→ **STORED DATA**:
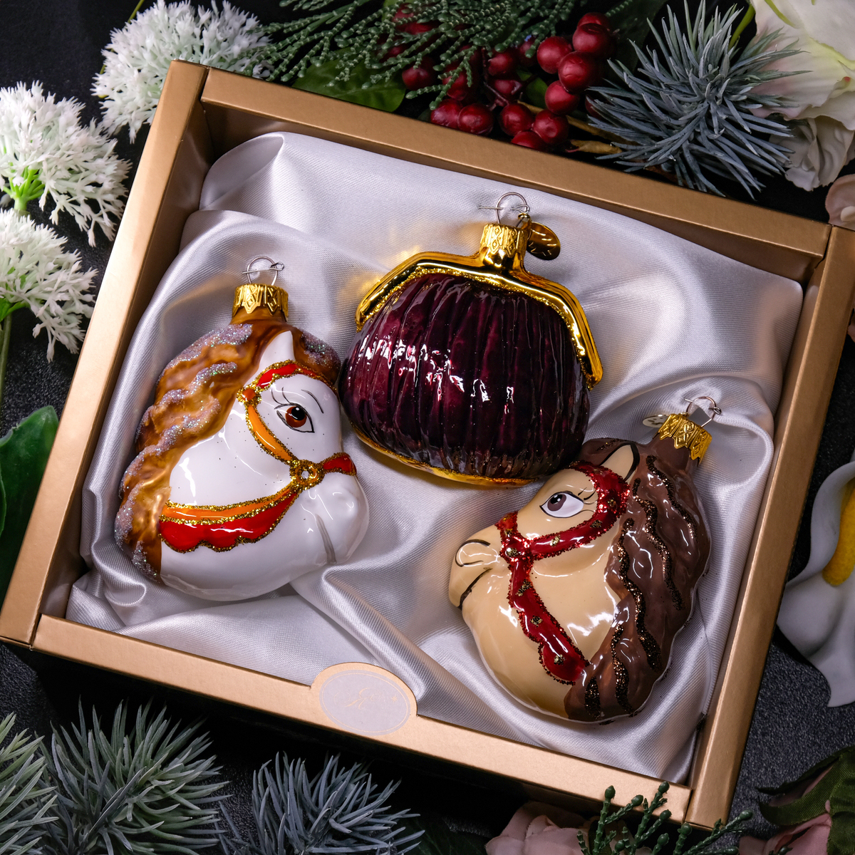 Комплект елочных игрушек "На удачу" (бордовый кошелек)
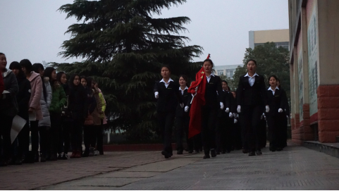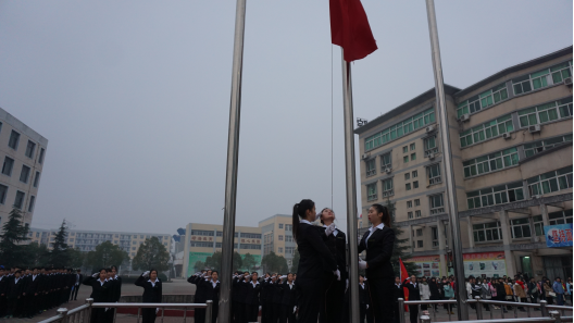 7点整,随着嘹亮整齐的口号声,会计系巾帼护卫队身着校服,脚迈正步,护卫着鲜艳的五星红旗整齐入场。在场师生齐唱《义勇军进行曲》,向缓缓升起的五星红旗行注目礼,仪式庄严肃穆。
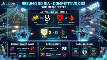 O servidor tá on fire! Rafael (2Fire esports) resume os jogos de hoje (08/03) da ESL Pro League S23: atropelo da MOUZ, NAVI favorita, clássico europeu e Legacy na luta. Confira!
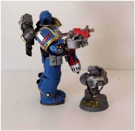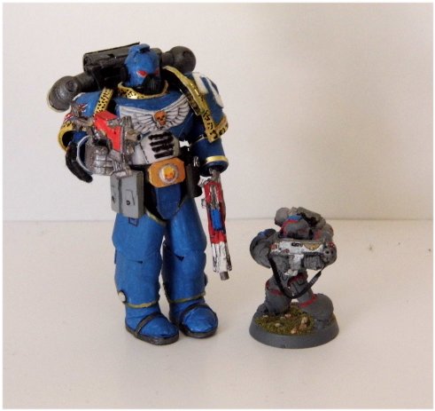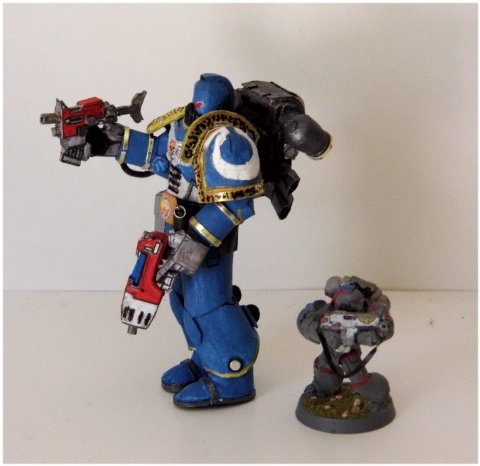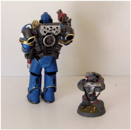 The beta build is done. I have to work on some details. the leg armor is still off and the helmet is too cylindrical. These are two items I have to work with. Over all, it came out better than expected and when the build begins, it will be on a separate thread. The model is about the same size that GW came out with and still has on special orders a while back. I believe that that series were called EPIC. I kind of like this size, not too small and not too large but leaves room for detailing. Here is a size comparison with the GW figure. See you all soon with more an my build thread.

→ **EXERCISE**:
Repeat the material above exactly; any picture in it is left out.

→ **RESULT OF THIS EXERCISE**:
 Комплект елочных игрушек "На удачу" (бордовый кошелек)
 7点整,随着嘹亮整齐的口号声,会计系巾帼护卫队身着校服,脚迈正步,护卫着鲜艳的五星红旗整齐入场。在场师生齐唱《义勇军进行曲》,向缓缓升起的五星红旗行注目礼,仪式庄严肃穆。
 O servidor tá on fire! Rafael (2Fire esports) resume os jogos de hoje (08/03) da ESL Pro League S23: atropelo da MOUZ, NAVI favorita, clássico europeu e Legacy na luta. Confira!
 The beta build is done. I have to work on some details. the leg armor is still off and the helmet is too cylindrical. These are two items I have to work with. Over all, it came out better than expected and when the build begins, it will be on a separate thread. The model is about the same size that GW came out with and still has on special orders a while back. I believe that that series were called EPIC. I kind of like this size, not too small and not too large but leaves room for detailing. Here is a size comparison with the GW figure. See you all soon with more an my build thread.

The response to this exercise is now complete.